De memoires van oud-inlichtingenofficier Bert Carper (98)

Hoe is het om aan de andere kant van de wereld te werken als inlichtingenofficier, terwijl je onderbuikgevoel zegt: de hele bevolking is tegen ons. “Je probeert er het beste van te maken”, antwoordt de nu 98-jarige Bert Carper over zijn tijd in Nederlands-Indië. “Al die stoere verhalen over successen… Dat was helemaal niet zo. Als we al succes boekten, dan was het door mensen om te kopen.”
 

Tekst: kapitein Joris van Duin | Foto’s: sergeant-majoor Aaron Zwaal

‘Mijn grootste triomf? Het ontmaskeren van een spion’

Gooi er een kwartje in en Bert Carper stopt niet met vertellen. Over zijn vader die verzetswerk deed in de Tweede Wereldoorlog en ‘op transport’ naar Duitsland stierf in een bomvolle trein. Over hoe hij zelf als jonge blaag naar Nederlands-Indië ging en inlichtingenofficier werd. Over het leven daar en zijn grootste triomf: de ontmaskering van een spion. Nee, aan zijn levendige manier van praten kun je niet horen dat Carper al ver in de negentig is.

Bert Carper in een stoel met een blauwe stropdas voor en donkerblauw colbertjasje.
Niet alleen de medailles, maar ook de veteranenspeld draagt de heer Carper vol trots.

Het geanimeerde gesprek vindt plaats in verpleeghuis Insulei Dei in Arnhem. Speciaal voor de fotograaf heeft Carper zijn oude colbert uit de kast getrokken. “Dit is pas de tweede keer dat ik ‘m aan heb. Wilt u dat graag?”, vraag hij.

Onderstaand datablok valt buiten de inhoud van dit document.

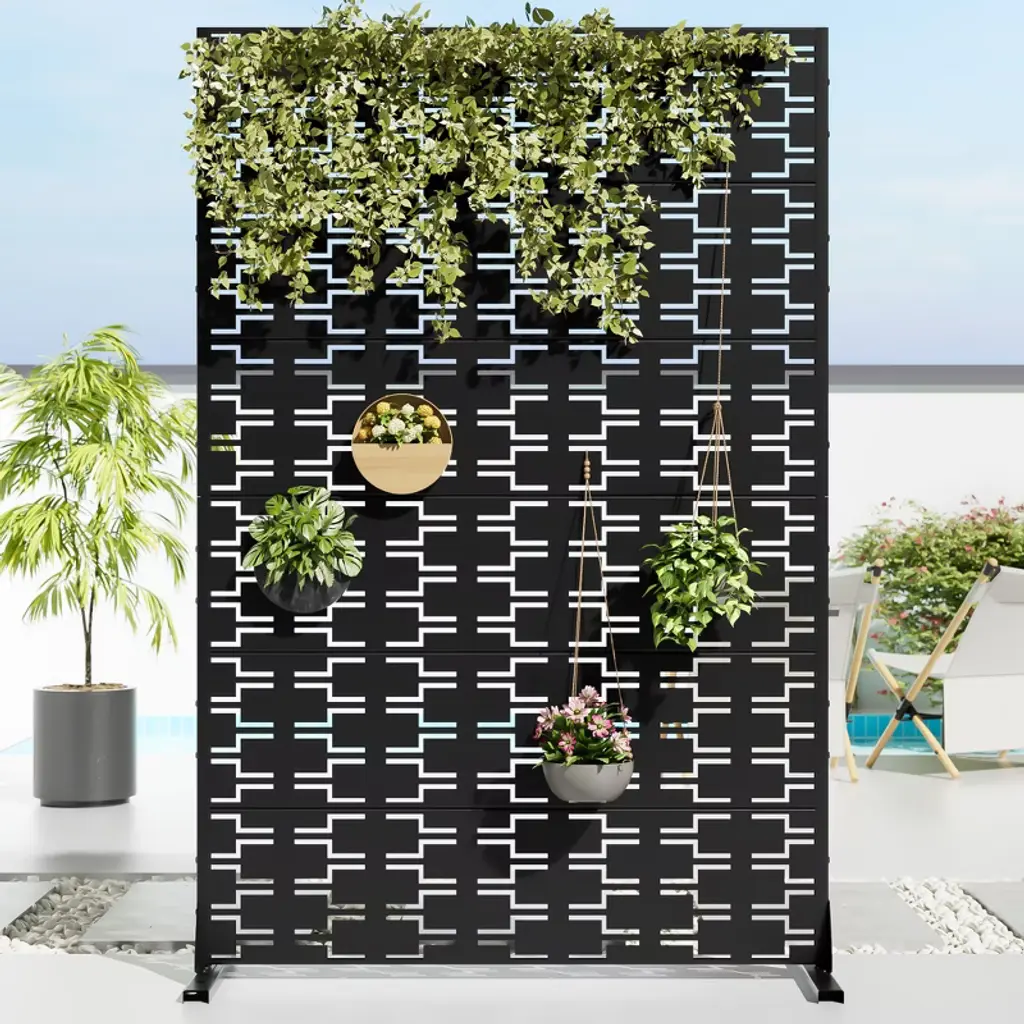 Elevate your outdoor space with our stunning 72"H 47"W 16"D Metal Partitions and Room Dividers/Privacy Screen /Garden Trellis /Lattice Panel Fence Panel. This versatile and stylish addition is perfect for creating a private oasis in your garden or backyard. Crafted from durable metal, it combines functionality with aesthetic appeal, offering both privacy and a decorative touch. Whether you're looking to shield your space from neighbors, add a vertical garden element, or enhance your landscape design, this is the ideal solution. Transform your outdoor area into a serene retreat with this elegant and practical choice.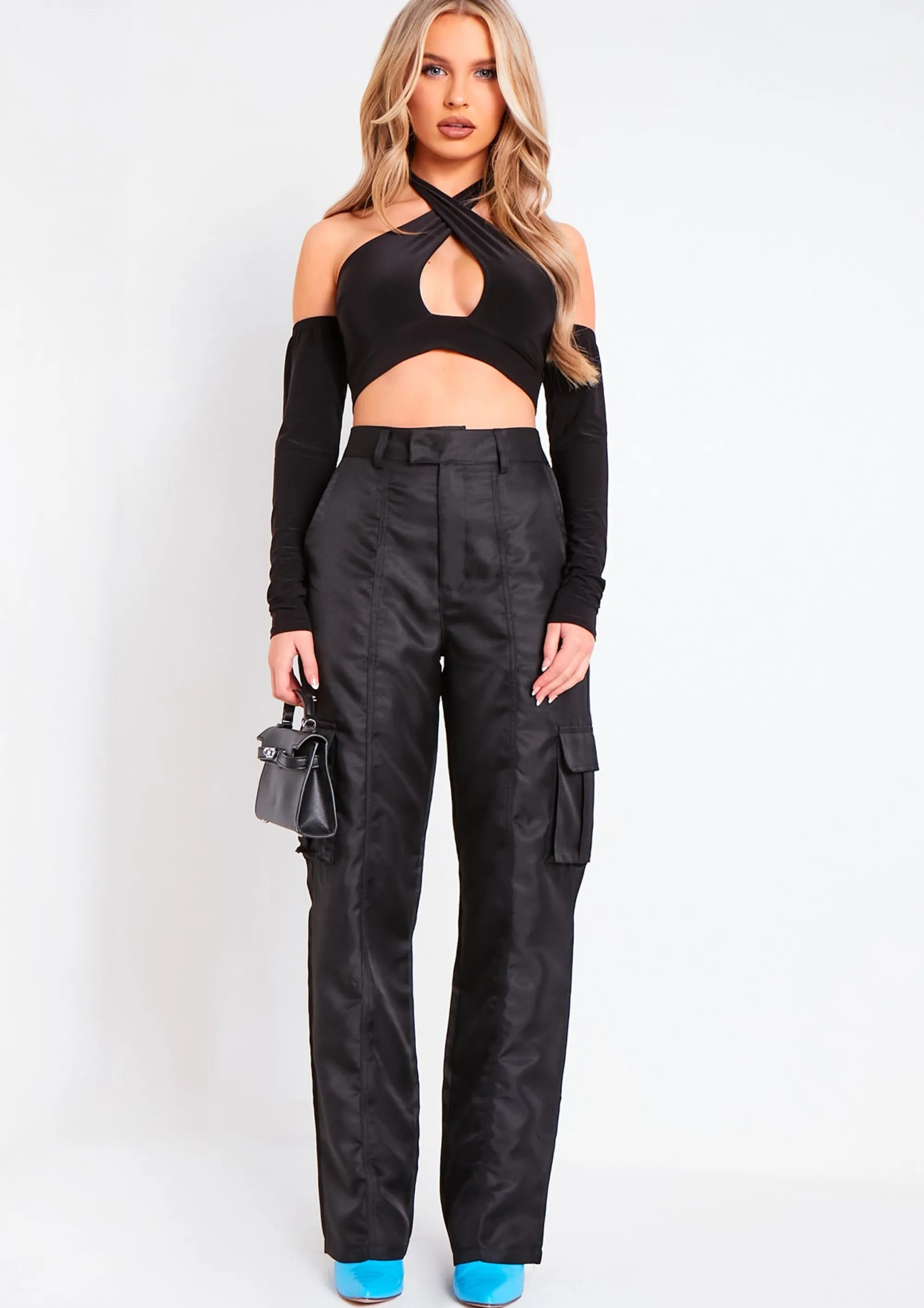 Baby, We Like Your Style! Our Saoirse Black Cross Halter Neck Top With Sleeves Features A Cross Halter Neck And Cold Shoulders, Finished In A Cropped Length.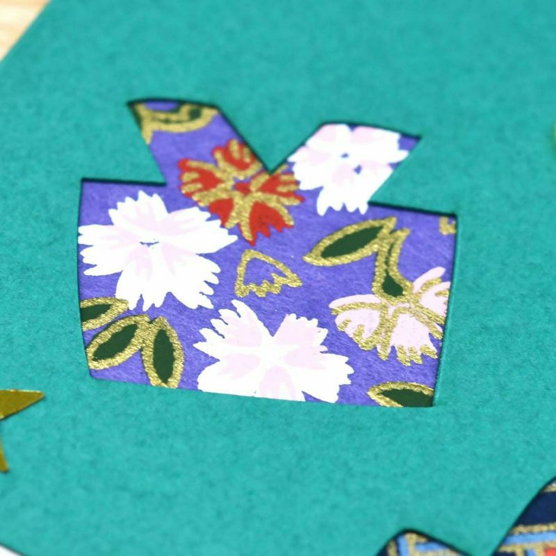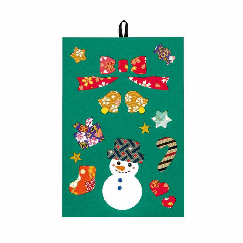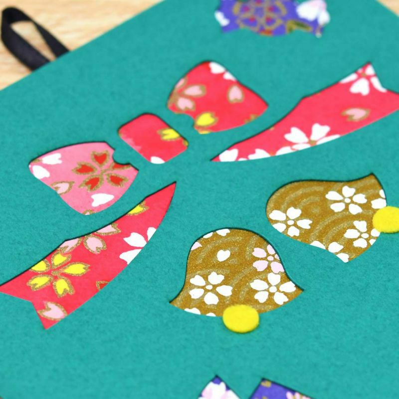 貼るのが楽しくなるような明るくて華やかな京友禅和紙を7枚使ってにぎやかなクリスマスを表現します。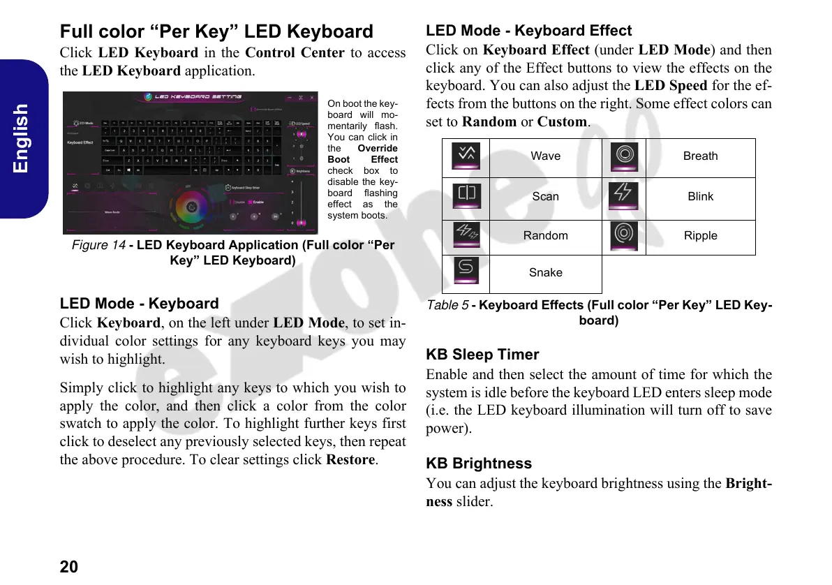 Table 5 - Keyboard Effects (Full color “Per Key” LED Key-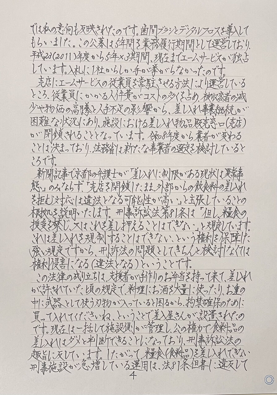 2024年9月26日、袴田巖さんが、戦後5件目の死刑再審無罪判決を言い渡されました。1966年の逮捕から袴田さんがどのような処遇で獄中生活を送っていたかを把握している弁護士はいるでしょうか。袴田さんはなぜ拘禁中に糖尿病を発症したか分かるでしょうか。受任した事件当事者の基本的人権を守るための闘いをすることは、刑事弁護人の使命です。弁護士職務基本規程にある信義誠実義と最善弁護の内実「誰がなんと言おうとあなたの味方です」というスタンスを、熱心弁護と言います。私は、刑事施設の処遇を知ることも、熱心弁護フルコースの常識になることを願っています。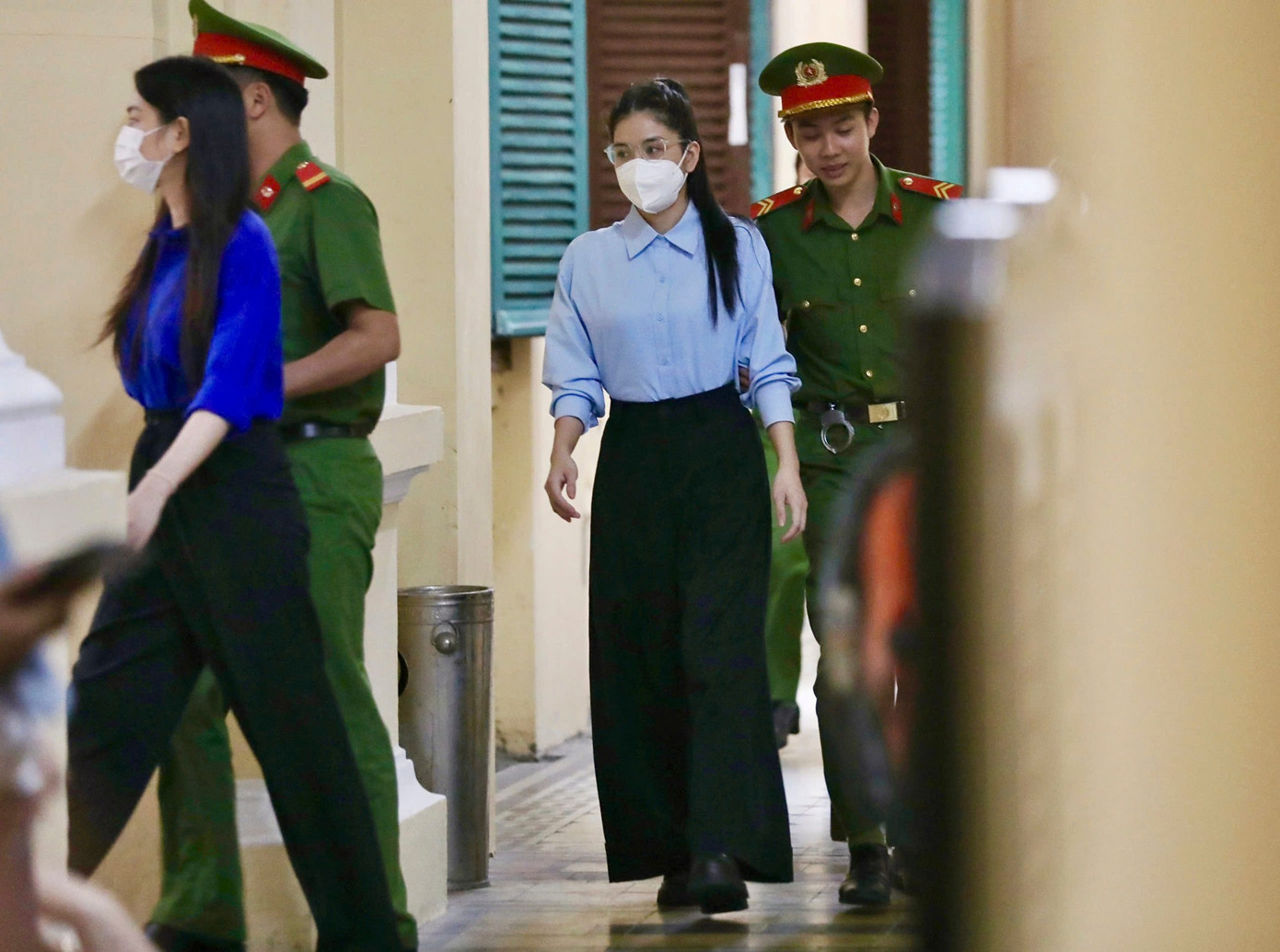 Hình ảnh bị cáo Nguyễn Thúc Thùy Tiên bất ngờ trước sự quan tâm của truyền thông khi được dẫn giải ra khỏi phòng xử án.
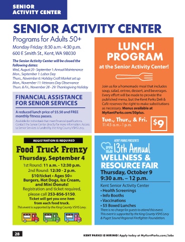 28                                           KENT PARKS IS HIRING! Apply today at MyKentParks.com/Jobs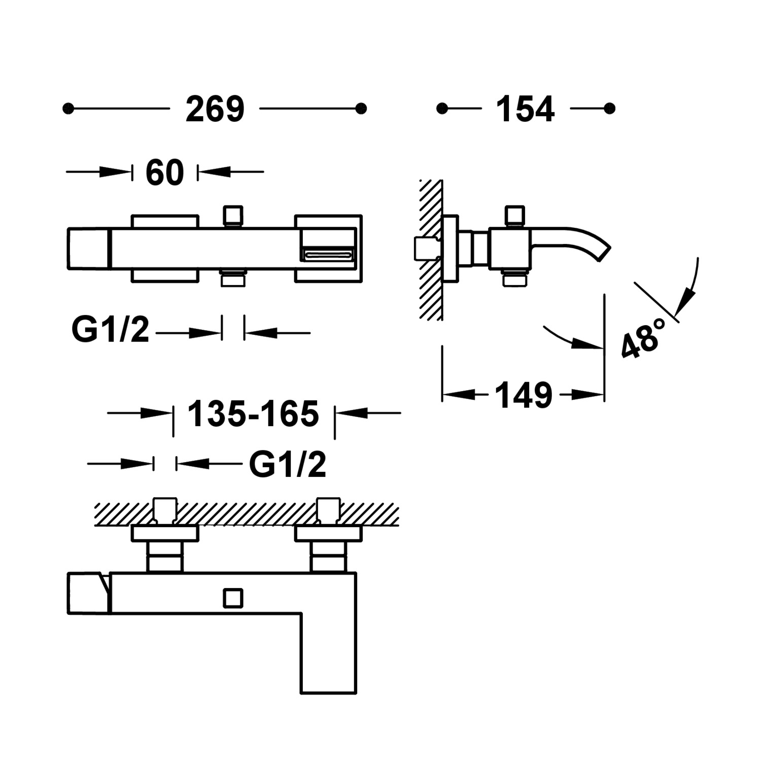 Baterie lavoar Cuadro inalta,negru mat.

Een close-up van vier onderscheidingen op het colbert van de 98-jarige Bert Carper.
“Dit is pas de tweede keer dat ik dit jasje aan heb”, zegt Carper over zijn oude colbert met medailles.

Beloning

Verschillende medailles sieren zijn borst, waaronder een beloning voor verzetswerk in de Tweede Wereldoorlog. “Mijn vader zat bij de marechaussee en moest de Sicherheitsdienst (inlichtingendienst van de Duitsers red.) ondersteunen bij het arresteren van mensen. Daags ervoor hoorde hij al wie er op de lijst stonden. Hij ging dan bij die mensen langs om ze te waarschuwen. ‘U krijgt morgen bezoek’, zei hij dan. Ik heb hem daar bij geholpen.”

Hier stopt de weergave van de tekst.